EXCERPT FROM The Timid Tourist Takes on China:

Sunday, October 28, 2007—Yangtze River to Fengdu 

            I awake first at 4 a.m. when someone in the next room hits the wall. Then I wake again at 5 and am wide awake at 6:30 when I hear Bob’s phone buzz with an incoming text message. The Ohio State game must have started at home where it’s still Saturday. The score is coming in.

            We are up at 7 and hear traffic on the river. Other cruising river boats are leaving their berths. We see the Viking River Cruise boat go by. It looks really nice—a lot better than ours and ours is better than most. Fred told us that our boat, the M.S. Yangtze 1, is only a year old and is considered the best of the fleet on the river. I don’t think he was comparing it to Viking.
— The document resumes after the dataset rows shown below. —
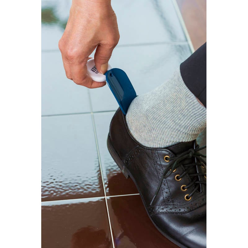 脱いだ靴やスリッパなどに取り付けて、目印として使用。履く時には靴べらとして使用。コンパクトに折り畳め、携帯にも便利
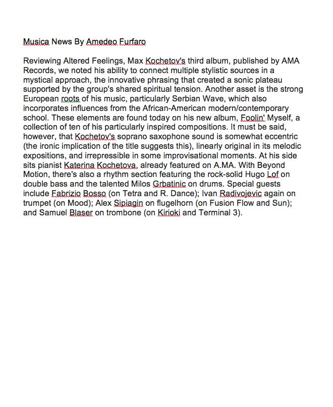 Musica News: Max Kochetov Quartet , Foolin'Myself" by Amedeo Furfaro
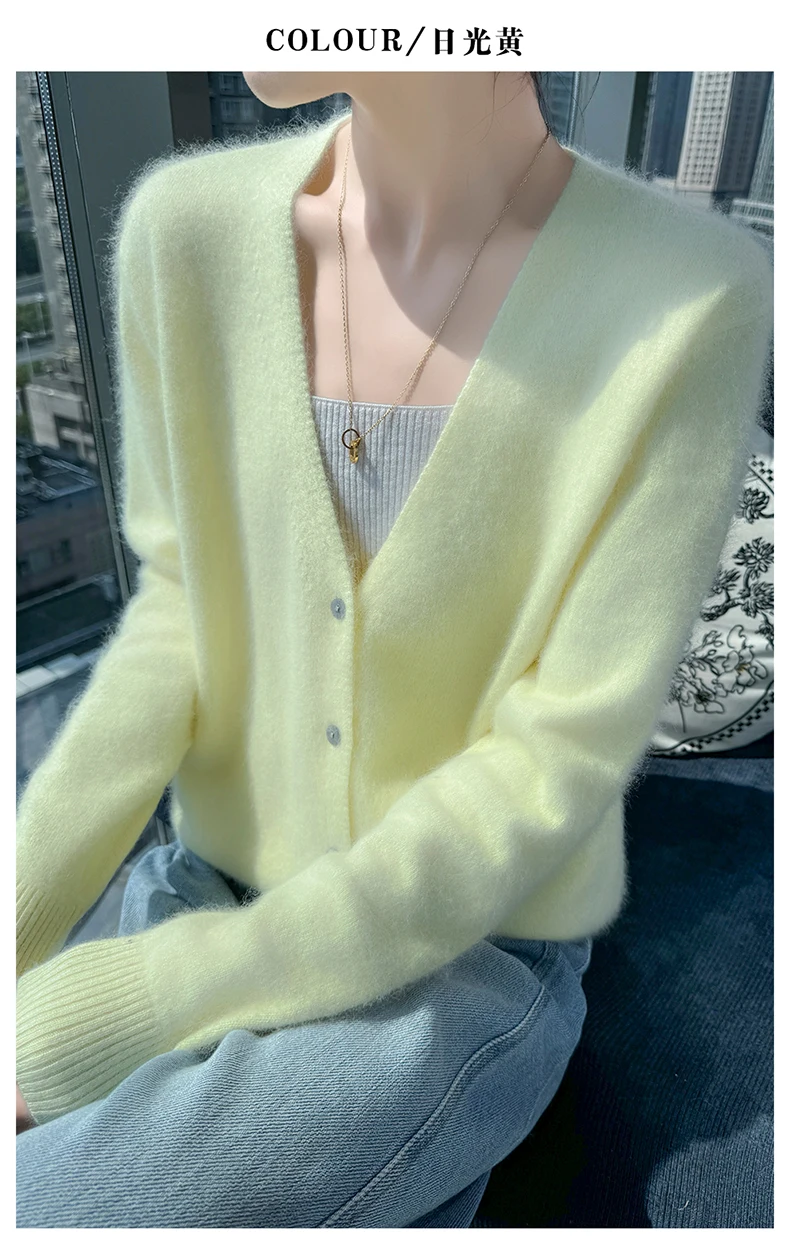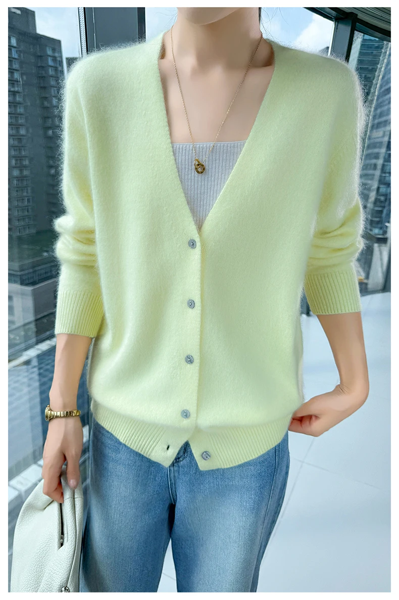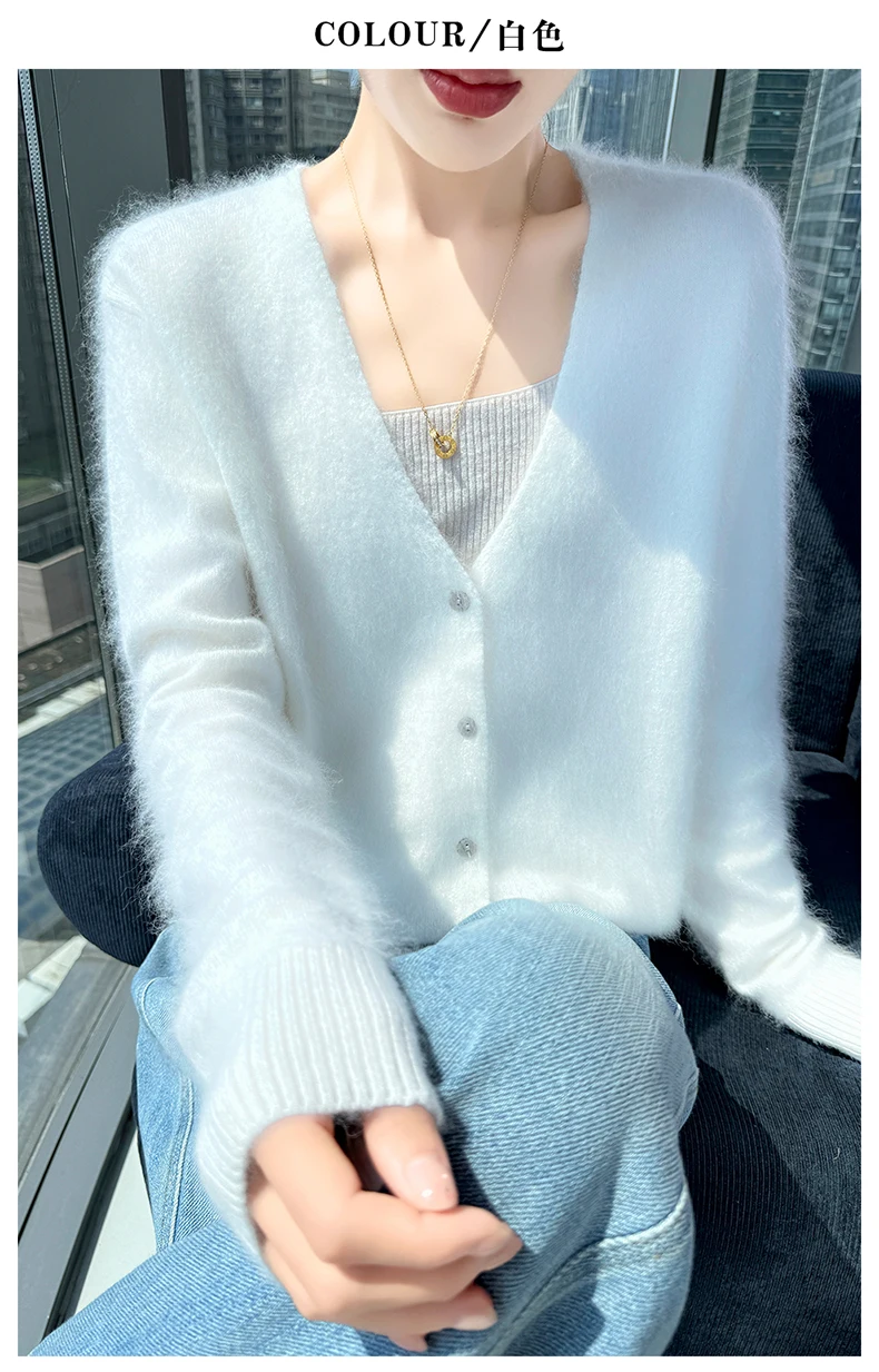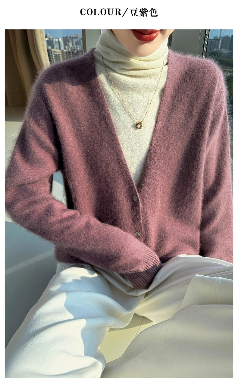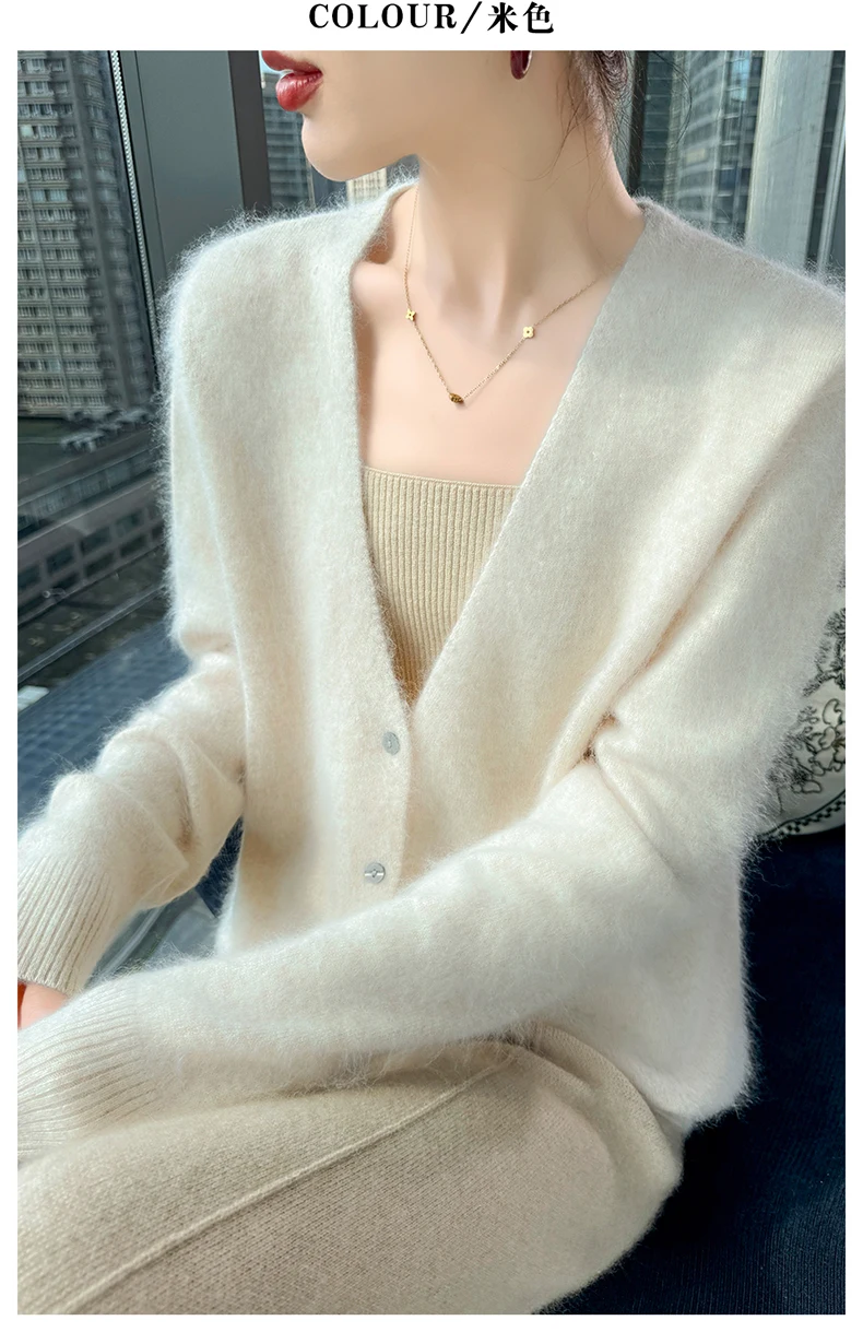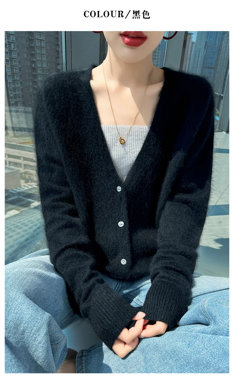 Crafted from pure mink cashmere, this cardigan offers unparalleled softness and warmth, perfect for autumn and winter wear.

            From our balcony, we can see that the river runs fast. If you fell in, you would be downstream a mile before you surfaced. The water is brown but not terribly littered. It is smoggy/foggy still and the air smells. We won’t be spending much time out there unless the air quality improves.

            Breakfast is a buffet: curry noodles, dumplings with onions, fried egg on toast, wide-sliced bacon, fruit. The coffee is wonderful. I’m surprised at that and grateful.

            We are passing a lot of coal barges. Power is generated mostly with coal which adds a lot to the smog problem. China is hoping to get more hydro-electric power with the dam project thereby improving air quality. Why isn’t Al Gore here?

            Chonging disappears quickly behind us. We pass people fishing with large scoop nets and washing clothes (!) in the brown river.